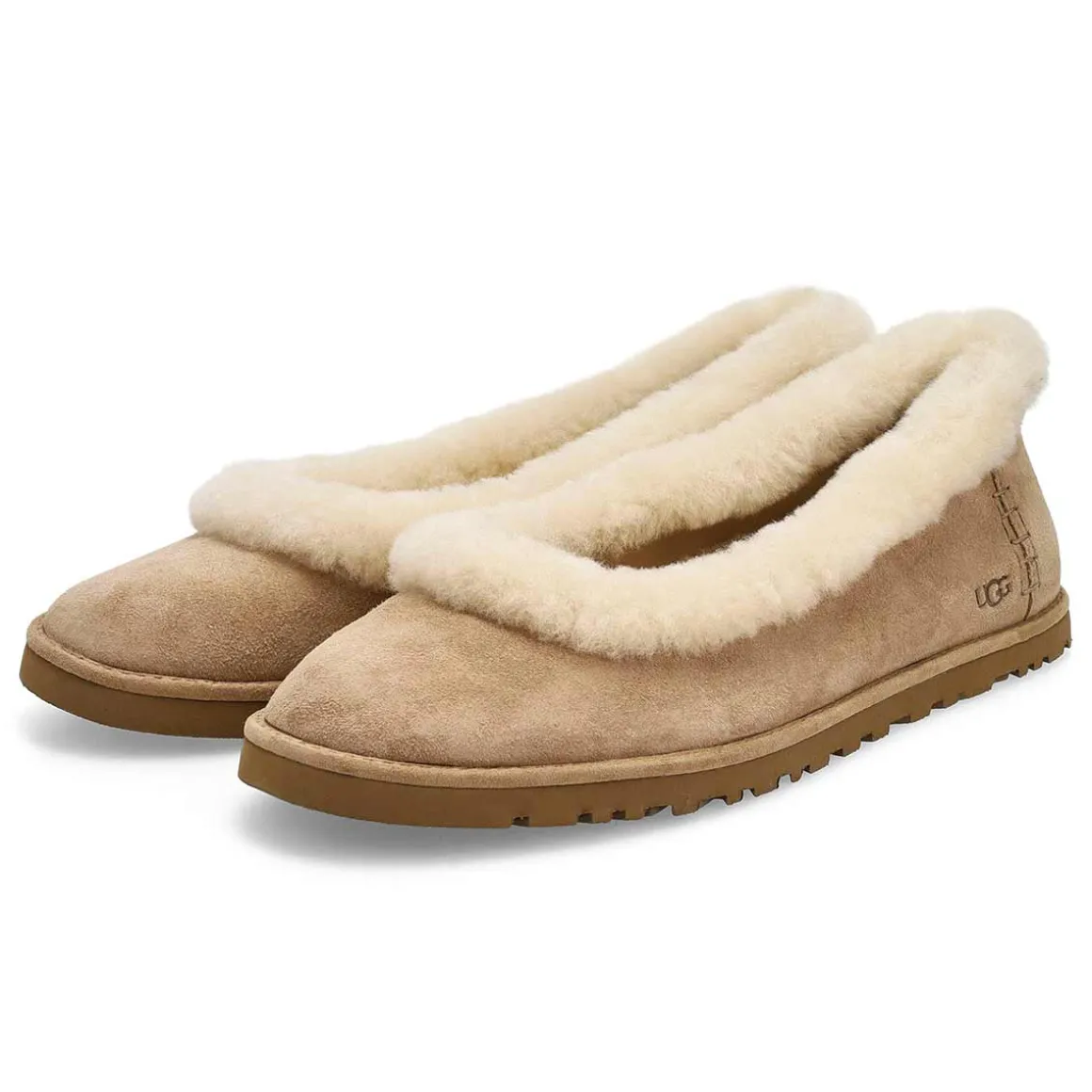 Your style is about to be en pointe with the Zora sand Ballet Flat from UGG. They took everything you love about ballet flats, and designed it the UGG way: with a suede upper, plush sheepskin and lamb sockliner, and a lightweight sugarcane EVA outsole. The Zora Balllet Flat helps blend that timeless ballet-flat style with UGG’s signature cozy comfort, making it the perfect transitional shoe. Year-round versatility means you can wear it barefoot in warmer months or cozy it up with socks in the cooler months.
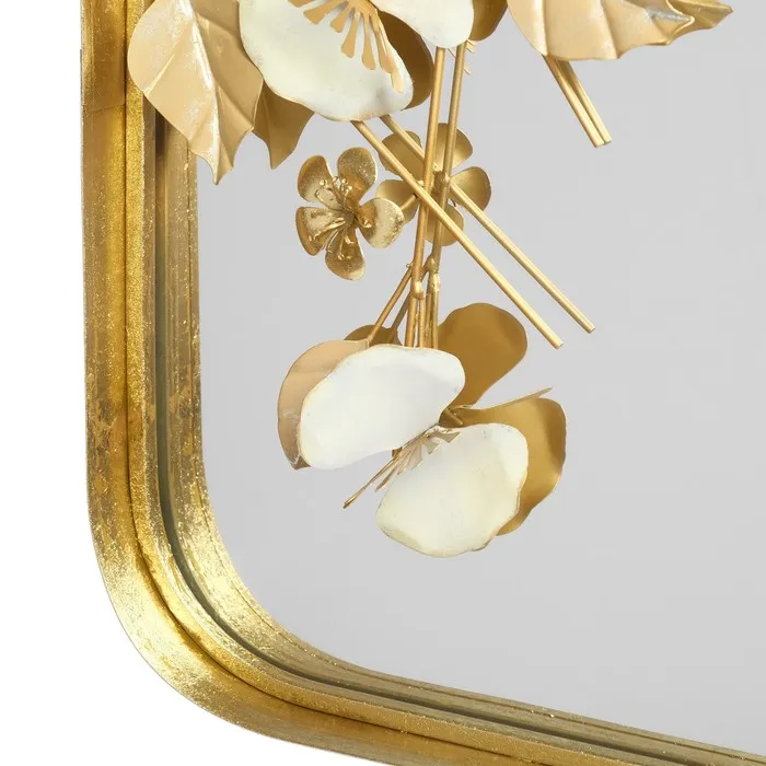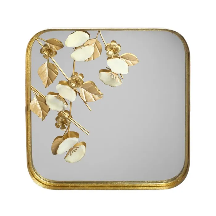 Декор настенный с зеркалом «Орхидеи в листьях», панно металл под золото, 55.2×55.2×8.3 см — Характеристики
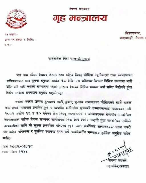 जल तथा मौसम विज्ञान विभाग र राष्ट्रिय विपद् जोखिम न्यूनीकरण तथा व्यवस्थापन प्राधिकरणबाट प्राप्त सूचनाअनुसार असोज १८ देखि २० गतेसम्म देशका विभिन्न स्थानमा भारीदेखि अति भारी वर्षा हुने सम्भावना रहेको हुँदा नेपाल सरकारले असोज १९ र २० गते सार्वजनिक बिदा दिने निर्णय गरेको छ।
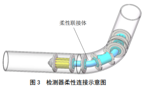 優(yōu)選采用不銹鋼彈簧連接方式,確保檢測器實(shí)現柔性連接,能夠自由順暢的通過(guò)1.5 D的彎頭,保證整機強度,以應對高壓水流推動(dòng)。見(jiàn)圖 3。
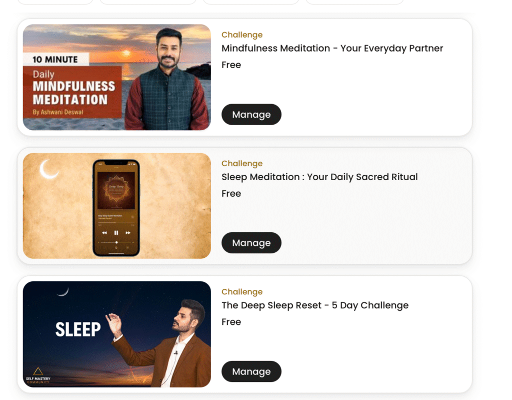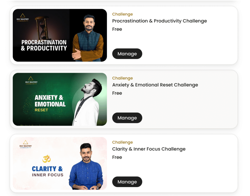 At present, Self Mastery Pro does not include live Q&A or interactive sessions. You get access to structured guided challenges, meditations, and wisdom tools to practice at your own pace.
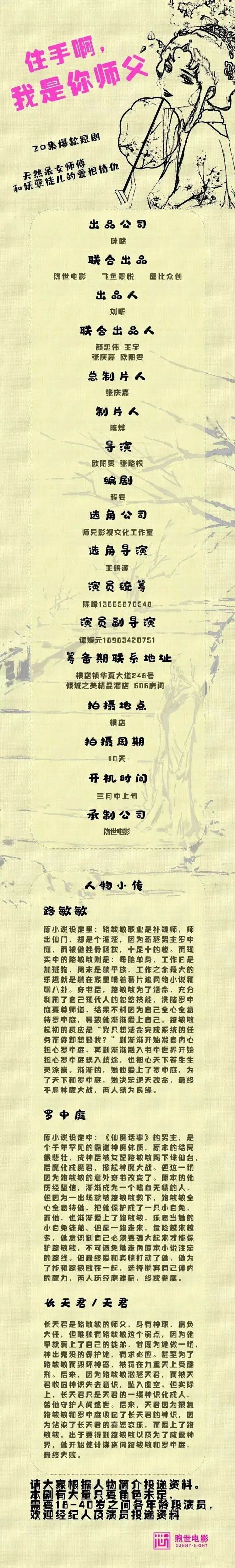角色众多,年龄分布广,欢迎各位经纪人及演员老师投递资料。
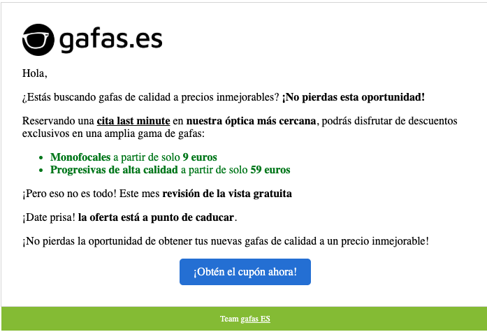 Para dar un ejemplo concreto, a continuación hemos destacado una oferta de las gafas monofocales completas por 9 €, diseñadas para atraer clientes con productos funcionales a precio reducido.
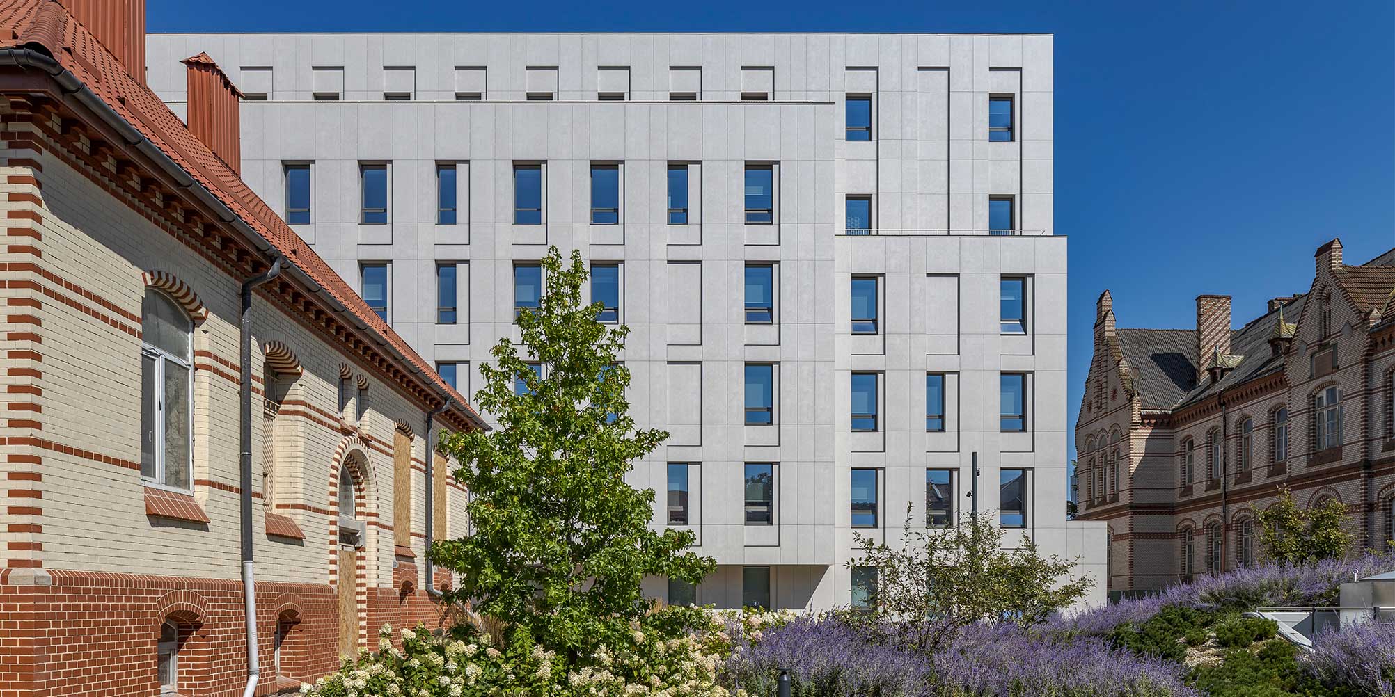 El proyecto se integra en el conjunto histórico del antiguo Anton and Valeria Bilinski Hospital, cuyos edificios están dispuestos a lo largo del perímetro de un rectángulo, formando un patio interior. La solución arquitectónica combinó la restauración de los edificios del siglo XIX con un nuevo bloque médico, con el fin de preservar el contexto cultural y crear un espacio moderno para los pacientes y el personal.

> **Task details**
Write the records out again in full, exactly, and skip every picture.

> **Answer space**
 Your style is about to be en pointe with the Zora sand Ballet Flat from UGG. They took everything you love about ballet flats, and designed it the UGG way: with a suede upper, plush sheepskin and lamb sockliner, and a lightweight sugarcane EVA outsole. The Zora Balllet Flat helps blend that timeless ballet-flat style with UGG’s signature cozy comfort, making it the perfect transitional shoe. Year-round versatility means you can wear it barefoot in warmer months or cozy it up with socks in the cooler months.
 Декор настенный с зеркалом «Орхидеи в листьях», панно металл под золото, 55.2×55.2×8.3 см — Характеристики
 जल तथा मौसम विज्ञान विभाग र राष्ट्रिय विपद् जोखिम न्यूनीकरण तथा व्यवस्थापन प्राधिकरणबाट प्राप्त सूचनाअनुसार असोज १८ देखि २० गतेसम्म देशका विभिन्न स्थानमा भारीदेखि अति भारी वर्षा हुने सम्भावना रहेको हुँदा नेपाल सरकारले असोज १९ र २० गते सार्वजनिक बिदा दिने निर्णय गरेको छ।
 優(yōu)選采用不銹鋼彈簧連接方式,確保檢測器實(shí)現柔性連接,能夠自由順暢的通過(guò)1.5 D的彎頭,保證整機強度,以應對高壓水流推動(dòng)。見(jiàn)圖 3。
 At present, Self Mastery Pro does not include live Q&A or interactive sessions. You get access to structured guided challenges, meditations, and wisdom tools to practice at your own pace.
角色众多,年龄分布广,欢迎各位经纪人及演员老师投递资料。
 Para dar un ejemplo concreto, a continuación hemos destacado una oferta de las gafas monofocales completas por 9 €, diseñadas para atraer clientes con productos funcionales a precio reducido.
 El proyecto se integra en el conjunto histórico del antiguo Anton and Valeria Bilinski Hospital, cuyos edificios están dispuestos a lo largo del perímetro de un rectángulo, formando un patio interior. La solución arquitectónica combinó la restauración de los edificios del siglo XIX con un nuevo bloque médico, con el fin de preservar el contexto cultural y crear un espacio moderno para los pacientes y el personal.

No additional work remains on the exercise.